Italia pensionati lavoratori

In Italia i pensionati sono più dei lavoratori

Cristina Siciliano 05/01/2023
Updated 2023/01/05 at 1:13 PM
4 Minuti per la lettura

In Italia ci sono più pensionati o comunque over 50 fuori dal mondo produttivo, che lavoratori. È questo il pericoloso equilibrio che disegna l’Ufficio studi della Cgia, l’Associazione Artigiani e Piccole Imprese Mestre. In totale, a livello nazionale, lo scarto è di 205mila tra chi lavora e chi percepisce un sussidio. Tant’è che 759 mila sono gli assegni, mentre i lavoratori e i dipendenti nelle fabbriche, negli uffici e nei negozi sono 22 milioni 554 mila.

In Italia i pensionati sono più dei lavoratori: le cause di questo squilibrio

Nonostante siano stati compiuti molti progressi per incoraggiare i lavoratori più anziani a continuare a lavorare fino all’età di 65 anni, l’età in cui gli anziani escono dal mercato del lavoro continua ad essere più bassa oggi rispetto a 30 anni fa.

In Italia i pensionati sono più dei lavoratori a causa di una combinazione di scarsi incentivi a continuare a lavorare in età avanzata, riluttanza dei datori di lavoro ad assumere e trattenere lavoratori più anziani e investimenti insufficienti per tutta la vita lavorativa.

Tutto questo giudica necessarie una maggiore flessibilità nell’orario di lavoro e migliori condizioni di lavoro in generale per promuovere una maggiore partecipazione a tutte le età. Inoltre, cattive condizioni di lavoro in giovane età possono portare a cattive condizioni di salute e al pensionamento anticipato in età avanzata.

È importante anche investire nelle competenze dei lavoratori più anziani. Molti mostrano infatti livelli più bassi di prontezza digitale rispetto ai loro figli e nipoti e partecipano molto meno alla formazione professionale rispetto ai lavoratori più giovani.

I dati

Quello del calo di manodopera del Paese e dell’aumento dei costi per i pensionati è uno dei veri grandi temi per il futuro dell’Italia. D’altronde, l’Italia ha la quinta più alta aspettativa di vita del mondo e questa è in costante crescita da tempo: addirittura nel 2004 la speranza di vita per gli uomini era 77,4 anni e per le donne 82,7 mentre oggi è di 80,8 anni per gli uomini e di 85,1 anni per le donne.

La Cgia segnala che tra il 2014 e il 2022 la popolazione italiana nella fascia di età più produttiva (25-44 anni) è diminuita di oltre un milione e 360 mila unità (-2,3%).
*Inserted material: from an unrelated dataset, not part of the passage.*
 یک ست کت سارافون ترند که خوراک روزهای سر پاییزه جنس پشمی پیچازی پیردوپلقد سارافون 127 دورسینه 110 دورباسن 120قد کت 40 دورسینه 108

Nello specifico, la provincia di Bolzano è tra quelle che mostra i dati migliori con un +76mila lavoratori rispetto ai pensionati mentre quella di Trento viaggia su una cifra quasi dimezzata: +39mila lavoratori rispetto ai pensionati. Il dato regionale si assesta su un +114 mila lavoratori rispetto ai pensionati che rappresenta il quinto saldo migliore d’Italia (davanti ci sono Lombardia, Veneto +291mila, Emilia-Romagna +191mila, Lazio +251mila). 
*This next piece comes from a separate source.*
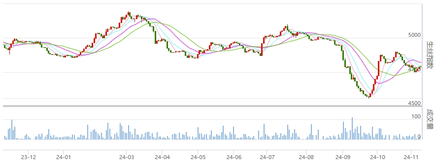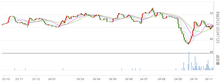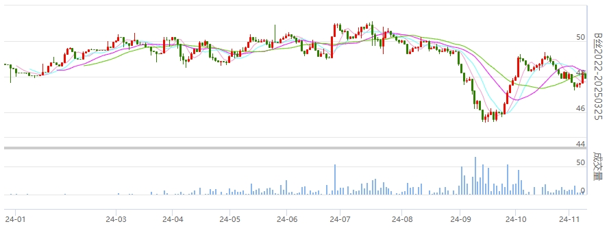 今日(2024年11月11日,周一)中國繭絲綢交易市場生絲電子指數(shù)微跌0.04%收于4788.37點(diǎn)。B絲2022D(商檢4A級生絲):241125合約上漲0.03萬元報(bào)收于48.30萬元;250325合約下跌0.24萬元報(bào)收于47.94萬元;250925合約報(bào)平收于47.61萬元。

Invece, nelle provincie come, Milano (+299mila lavoratori), Bergamo (+83mila) e Brescia (+111mila) in LombardiaTreviso (+78) e Verona (+77) in Veneto; e Roma (+275) nel Lazio. I dati peggiori sono al Sud: la Puglia (-276mila lavoratori rispetto ai pensionati) e la Sicilia (-340mila) sono quelle con i dati più in rosso. A livello provinciale la peggiore è Napoli con 137 mila pensionati in più dei lavoratori.